About a month after Cathy died we noticed a marked difference in the behaviour of the other dogs. Lucas, who used to terrorize tenants who’d come out the front door after dark no longer did so. He stopped barking at anyone who stood close to the gate, and would yelp a greeting at anyone who would call out his name. The other dogs pretty much minded their own business.

But Naxo took Cathy’s death as her liberation. Naxo now prowls the compound at will, barking at anything and anyone that moves. When Naxo starts barking, all the other 15 dogs join in. If you happen to be the person she’s snarling and growling at, and you know her from the time Cathy was still alive, you’d be shocked at her ferocity. Calling her name will do you no good. Not even her “mommy’s” or “daddy’s” orders can shut her up. The latest victims of her newfound agressiveness are Bebing, our part-time helper and–you guessed it–my son, Maui, the two members of this household who are the least enamoured with dogs.

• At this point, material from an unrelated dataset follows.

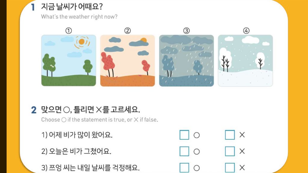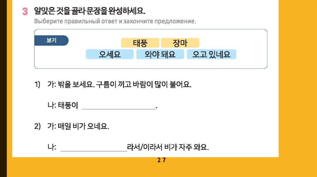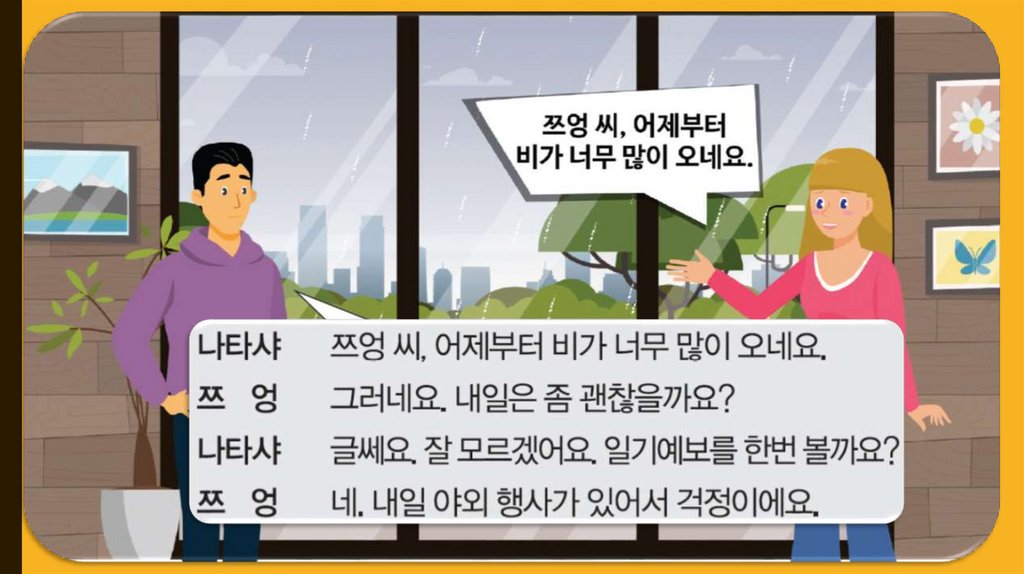 4.Тайфун наступил. Ветер сильный и дождь идет.
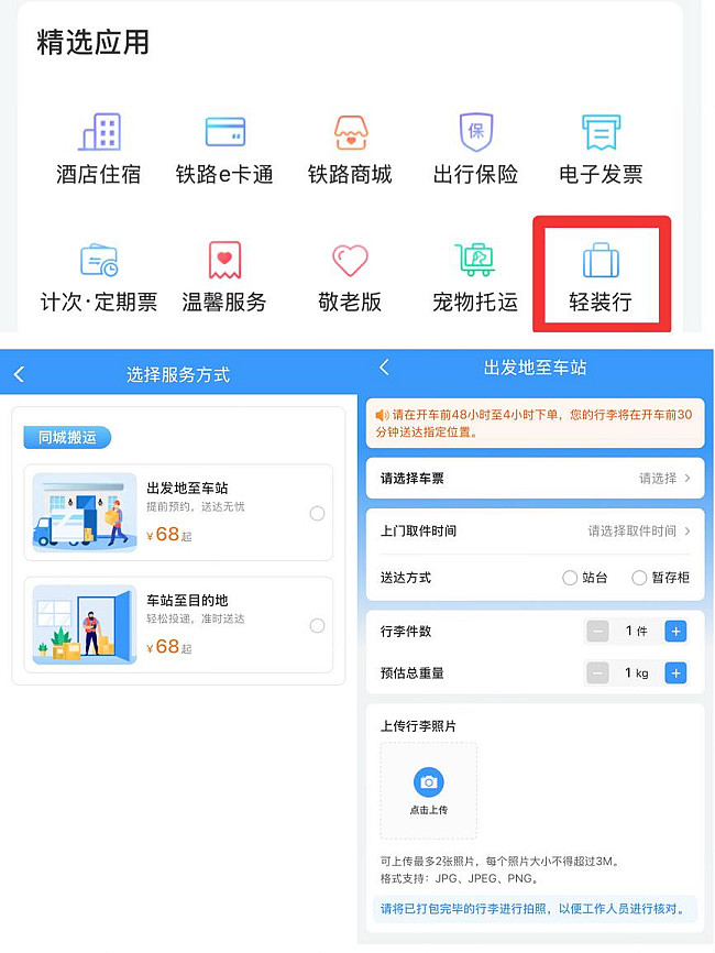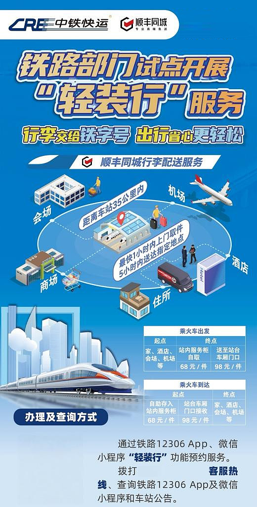 此次扩大试点范围,保持“轻装行”服务的预约方式、受理流程、价格标准等不变。旅客购买车票后可通过铁路12306App、微信小程序预约“轻装行”服务。

Still wary from last Thursday’s incident with my son and the King the GSD, I made it a point to walk to and from the gate both my son and Bebing as they went about their business for the morning. Sure enough, although King was tied up by his cage, Naxo was roaming free and feeling quite queenly. She was like Alice’s playing card regnant screaming “off with their heads!” and sounding like she would willingly bite them off herself. As I escorted Bebing to the gate I heard Maia cry out in her playpen, so I went back into the house. A minute or two later, I heard Naxo’s deep loud barking again. I went to the door and sure enough, there was Mr. Landlord lecturing Bebing, who was still outside the gate, on how to deal with Naxo. “Just keep calling out her name, don’t worry she won’t bite you, she just wants to play, but if she bites you don’t worry, she’s had her rabies shots…”

I went to the gate, shooed Naxo away with my usual non-kynophobic emphasis, let Bebing in and then said to Mr. Landlord, “She cannot help it if she’s afraid of dogs. You cannot help it if she is afraid of dogs. If one is afraid of dogs one is afraid of dogs, and unless you are willing to pay to put Bebing through psychiatric treatment for her to get rid of her fear of dogs, there is nothing you can do. Telling her not to worry because the dog has had her rabies shots will not take the pain away from the bite wound, should she get bitten by your dog.” I marched Bebing into the house and got myself ready for another foray into dog world this time with my son on his way to school. This time Mr. Landlord accosted me at the gate after I had let my son safely out.

Mr. Landlord said “Misis, ayaw pud pang-isog dayon…”

I don’t know what got me riled up all over again, the fact that the compound dogs were well into a crescendo or that Mr. Landlord had called me “Misis”. We had been living here for almost a year, but he’s never got my name right, or my children’s names right, for that matter. So I let loose. I let him have the whole nine yards, including the murderous look I had chosen not to let them see last week. I told him how he would never understand another person’s fear of dogs because all he thinks of are his dogs, and never the people around them. He countered that he lets the dogs loose for our own security. I told him I didn’t care if he let the entire pack out because I have absolutely no fear of them. I do care about the people in my fold that ARE afraid of dogs, hence my vehement protest. He just stood there with his mouth half open, uncomprehending the fact that there are people who may not like his dogs, his pets, his “grandchildren”.

I left him there and went inside the house and willed myself to cool down. I looked for and read the house rental contract to see if there was anything in what I just did that could constitute enough cause for them to kick us out of our apartment, but there wasn’t any–it was a generic contract with no modifications to suit either party. What the heck, we are on our last month here anyway. Shhhh, I haven’t told the Landpeople/Dogpeople yet. I still need to find a single detached unit in the QC area that has at least three bedrooms and two bathrooms, for under 20T a month. Is that reasonable?